The word that Peter uses, which is here translated as “hell,” is tartaroó, or Tartaus. This is its only use in Scripture. It is the pagan Greek netherworld. It is a place of punishment set apart specifically for demons. It later came to represent also a place of punishment for wicked people. But at this time, it is specifically speaking of a place set apart for demons, thus explaining the terminology used in the synoptic gospels.
Peter next says, “and delivered them into chains of darkness.” Here, there is a slight textual problem. Jude also uses the term “chains” in his epistle, but a different word is used there. The word Peter uses, a word only seen here in Scripture, is actually very close in spelling to a word translated as “pits.” For this reason, some translations say, “pits of darkness.”
Either way, the angels which have been sent to this pit (which obviously all of them have not been, based on the reading of the synoptic gospels) are chained as Jude notes, and they are in a place of gloomy darkness, being kept there and “reserved for judgment.” The Greek is a present participle. They are “being reserved for judgment.” They are in the gloomy darkness, they are chained there, and they are awaiting their final judgment and assured doom.
Life application: Along with this verse, Peter will spend the next 18 verses of this chapter talking about the punishment of the false prophets. If this doesn’t show a person the seriousness of properly handling God’s word, and also obediently following it, then one is not taking these passages in the light that God intends.

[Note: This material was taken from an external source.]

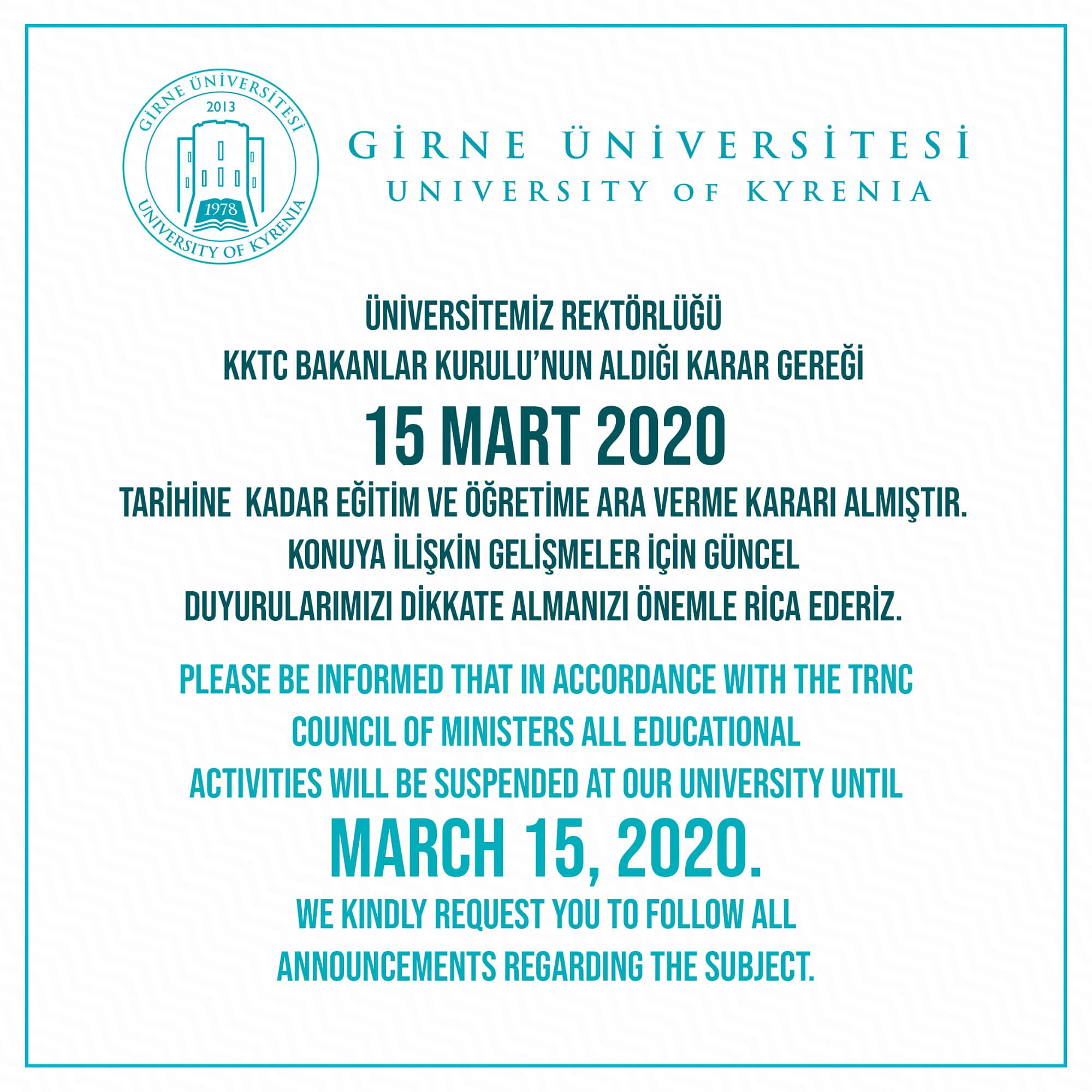 According to the decision of the Council of Ministers dated 10 March 2020, the decision to suspend education and training until 15 March 2020 includes the following:

As God didn’t spare those angels who sinned, Peter is intimating how much more should those who know God’s word be judged for sinning when they misuse it. Just look at the amount of false teaching in the world – pastors, preachers, and priests who stand in the pulpit and deny or diminish the truth in the Bible. There are evangelists who twist passages in order to profit financially, and there are Bible teachers who aren’t qualified to teach because of a lack of knowledge and dedicated time spent learning to reason out the intent of passages, etc. The list is long, and grows daily, concerning those who have turned from sound analysis to a manipulation of what is proper.
As the angels were sent to Tartarus and put in gloomy dungeons as they wait for judgment, just imagine what is prepared for these people. God holds His word out to us as a guide for our life, for our salvation, and for our holiness. God forbid, then, that it would be used in any way which is unintended. The consequences for doing so are horrible in the extreme and eternal in their duration.
Lord God, keep us from misusing and mishandling Your precious word. May we be found worthy as teachers, preachers, and pastors – or as congregants – who follow You and Your word alone. May we not be deceived by the wiles of those who would pervert Your truth. Keep us from false teachers and lead us on the sound path of righteousness. Amen.